Here’s bad form in the governance realm, though: Zuckerberg owns the majority of the company’s shares and possesses an excessive amount of voting power and control through Facebook Inc (NASDAQ:FB)’s dual-class stock structure. For investors who aren’t familiar with the term, this structure basically means that the separate type of stock Zuckerberg owns comes with 10 votes per share for every one vote regular shareholders have.
It’s as if you showed up at the polls to vote for president and realized that some “special” people were allowed 10 votes compared to your one.
It comes as no surprise that, as with Wal-Mart, Facebook Inc (NASDAQ:FB)’s shareholder votes supported management at the meeting — since Zuckerberg basically controls the voting power through his majority.
If you don’t want to answer to shareholders, ask somebody else for money
At companies like Nabors Industries Ltd. (NYSE:NBR), shareholders are ignored despite their majority votes against directors and policies. At companies like Wal-Mart and Facebook Inc (NASDAQ:FB), shareholder votes often don’t matter unless the individuals in control find it in their hearts to listen.
Either way, shareholders should be insulted at how badly and frequently they are snubbed.
There are several ways to go here. Investors who are only out for financial returns should consider selling such stocks, particularly if the company’s financial future looks shaky or has been for a while. Companies that ignore shareholders are more likely to reward their executives for failure, take short-term views, and possibly run their companies into the ground.
That’s what happens when power corrupts, and when shareholders don’t really care that business is deteriorating, management can run roughshod over true business health.
Another way to go is to stand your ground, hold your shares, and vote your proxy ballots every single year. While many investors and Wall Street types believe investors should either like it or lump it, selling their shares if they don’t like how managements and boards conduct business, there is something to be said for telling managements who feel that way exactly where they can go.

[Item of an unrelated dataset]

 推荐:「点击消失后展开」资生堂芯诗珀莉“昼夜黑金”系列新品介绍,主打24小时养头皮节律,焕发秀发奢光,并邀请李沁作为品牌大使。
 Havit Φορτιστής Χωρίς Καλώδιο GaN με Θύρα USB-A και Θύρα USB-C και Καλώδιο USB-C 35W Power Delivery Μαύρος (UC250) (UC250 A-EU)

No matter what, it’s time to ask some questions. If corporate governance policies are poor, and corporate managements seemingly don’t care about shareholders’ opinions, why did the companies go public? Asking investors to invest in the business — and become part owners — should mean managements are accountable.

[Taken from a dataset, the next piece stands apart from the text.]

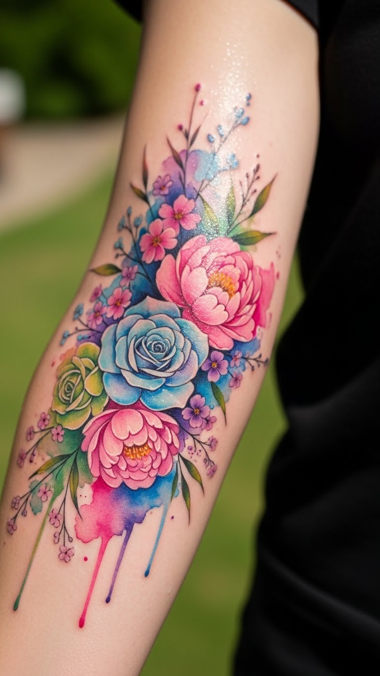 Watercolor tattoos mimic paint splashes. They bring a fresh, artistic feel to your forearm. Pick flowers like sunflowers for brightness. Draw them freehand with markers at home. A set costs less than $10. Look for tutorials on free video sites. Find artists who specialize in this style. Search local shops for affordable options. A basic design might run $80. Opt for fewer colors to save money. Try washable paints on your skin first. They wash off and help you visualize. Add personal touches, like a favorite bloom. This tattoo works well for sleeves or alone. Place it midway on your arm for balance. Cover it with clothing if needed. Share ideas with friends for inspiration. Make it a fun project and see how it feels.

Public companies that sell pieces of themselves in the form of stock, then sell out the owners every chance they get, probably should never have gone public at all. Shareholders should stand up against being snubbed and tell their companies’ boards and managements to shape up. Corporate executives who didn’t really want to deal with shareholders should have thought about raising capital somewhere other than the public market.